By: admin On: juin 10, 2017 In: Paris Comments: 0

Several thoughts run through one’s head when they think of French cooking. Visions of buttery goodness, heavy creams and fancy displays. There is much more to French cooking than that; France isn’t just Paris after all.

French food has several fundamentals, such as the mire poix, the bouquet garni or herb satchel and chicken stock.

The Fundamentals

A mire poix is 3 parts onion, 2 parts celery and one part carrot. You’ll find this in most French dishes with the exception of fish and a few other recipes.

The bouquet garni is a collection of herbs sometimes put into a cheesecloth. The typical ingredients are: Bay leaf, pepper corns, thyme and parsley stems.

The chicken stock: Never throw away your bones and vegetable trimmings again! This is a useful way of using parts you might ordinarily toss. Another thing is, with this fundamental ingredient, you get to use two other fundamental ingredients, yes… the mire poix and the bouquet garni. Don’t add the liver, put that aside for a pate or something, livers are even good sautéed in butter. Check out the recipe below.

Chicken Stock





Chicken Giblets (NO LIVER!)

Chicken Bones


Bouquet Garni

Add all ingredients to a stockpot, cover with cold water.

Bring to a boil and let simmer. Stocks can simmer for over an hour. It depends on the strength you wish to have.

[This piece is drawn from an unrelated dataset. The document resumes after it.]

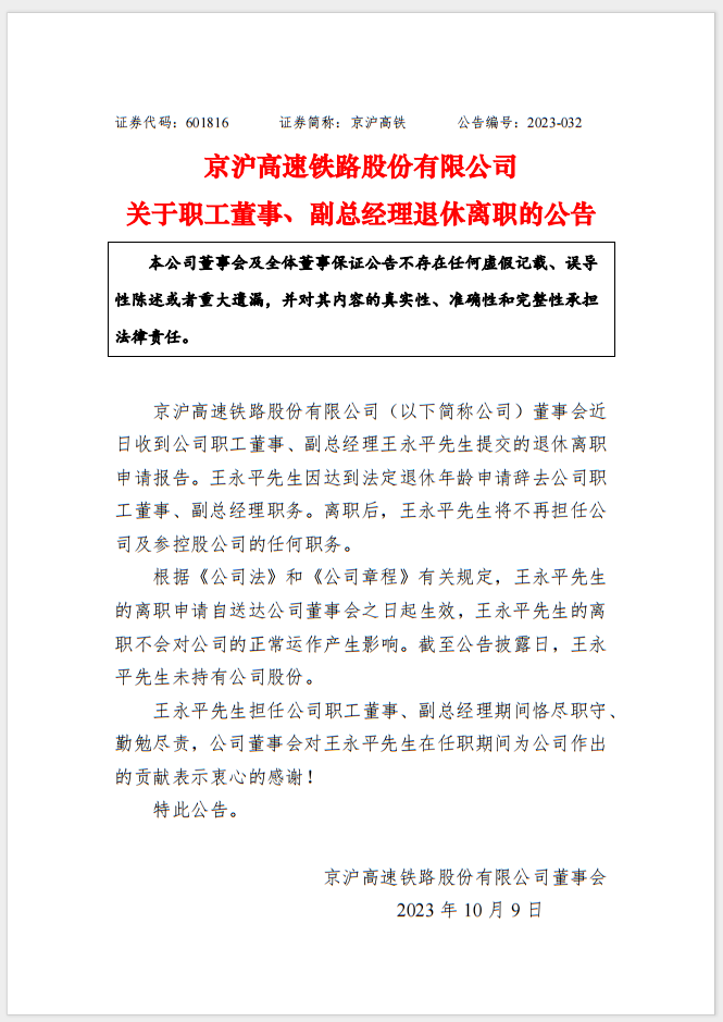 京沪高铁公司关于职工董事、副总经理退休离职的公告

Drain and let liquid cool.

So how do I use these ingredients?

Check this next recipe out. We’re going to use all three fundamental ingredients! Soup, hey it’s the first thing I had to make in culinary school. With this basic recipe, you can substitute the main ingredient with just about any vegetable. For now we’ll keep it simple, Cream of Asparagus Soup.

Cream of Asparagus Soup


Asparagus (about a pound will do)

Mire poix (keep it simple, use 1 large onion, 3 celery stalks, and one medium sized carrot)

Bouquet Garni

2 russet potatoes

Chicken stock

Salt and Pepper

White Wine

Heavy cream

Sweat the mire poix (this means cooking on low heat until the vegetables are translucent). Toss in your bouquet garni and season a little being careful not to over salt it. De-glaze (this gets any caramelized yummy goodness off the bottom of the pan) with a little white wine and cook it down.

This next step is optional, but I think it adds a little flare. Cut the tops of the spears of asparagus off and set them aside. Blanch these in a bit of hot salted water until they turn bright green. Quickly remove them from the heat and run cold water over them. This is going to be your garnish.

Cut the stalks of the asparagus and the potatoes into manageable pieces and toss them on top of your mire poix. Pour in enough stock to cover your ingredients by at least an inch. Bring it to a boil and then reduce to a simmer. Cook until the potato and asparagus are both tender. Remove the bouquet garni!

Next step: Puree. I find that it is easiest to do this in installments. Add a bunch of the vegetables into a blender or, even better, a food processor, and then add a bit of stock. Take your pureed soup and run it through a strainer into another pot, this takes out any of the overly fibrous material.

Return your pureed soup to the stove and bring it to a gentle simmer. Add a little cream and stir it in. Season to taste with salt and pepper. Don’t forget your garnish! Ladle some of the soup out and put a few of the spear tops on top of the soup.